Restate word for word the entries below, starting at the line with "10月9日,在阿富汗西部赫拉特省赫拉特市,在地震中受傷的居民在醫院接受治療。" and ending at the line with "gfp fluorescence of neural". Keep both end lines and omit the pictures.

- _Data provided_
_ _ _ _ _ _ _
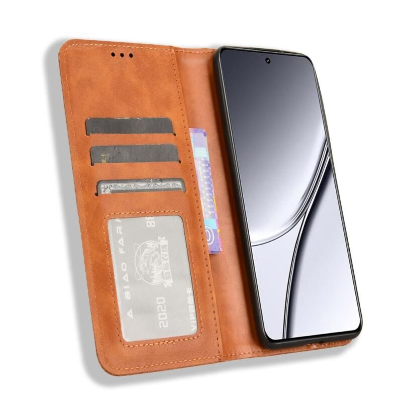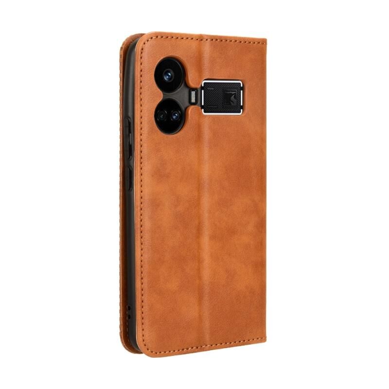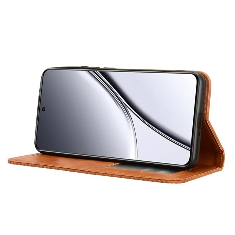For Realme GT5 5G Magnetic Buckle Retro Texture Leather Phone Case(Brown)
_ _ _ _ _ _ _
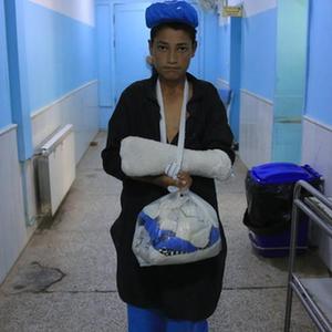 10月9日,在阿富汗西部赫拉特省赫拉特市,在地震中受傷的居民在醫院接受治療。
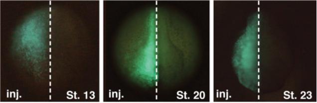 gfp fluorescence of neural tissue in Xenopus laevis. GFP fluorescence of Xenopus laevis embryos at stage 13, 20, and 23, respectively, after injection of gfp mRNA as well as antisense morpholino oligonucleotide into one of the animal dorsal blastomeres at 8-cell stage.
_ _ _ _ _ _ _
- _Your solution_
 10月9日,在阿富汗西部赫拉特省赫拉特市,在地震中受傷的居民在醫院接受治療。
 gfp fluorescence of neural tissue in Xenopus laevis. GFP fluorescence of Xenopus laevis embryos at stage 13, 20, and 23, respectively, after injection of gfp mRNA as well as antisense morpholino oligonucleotide into one of the animal dorsal blastomeres at 8-cell stage.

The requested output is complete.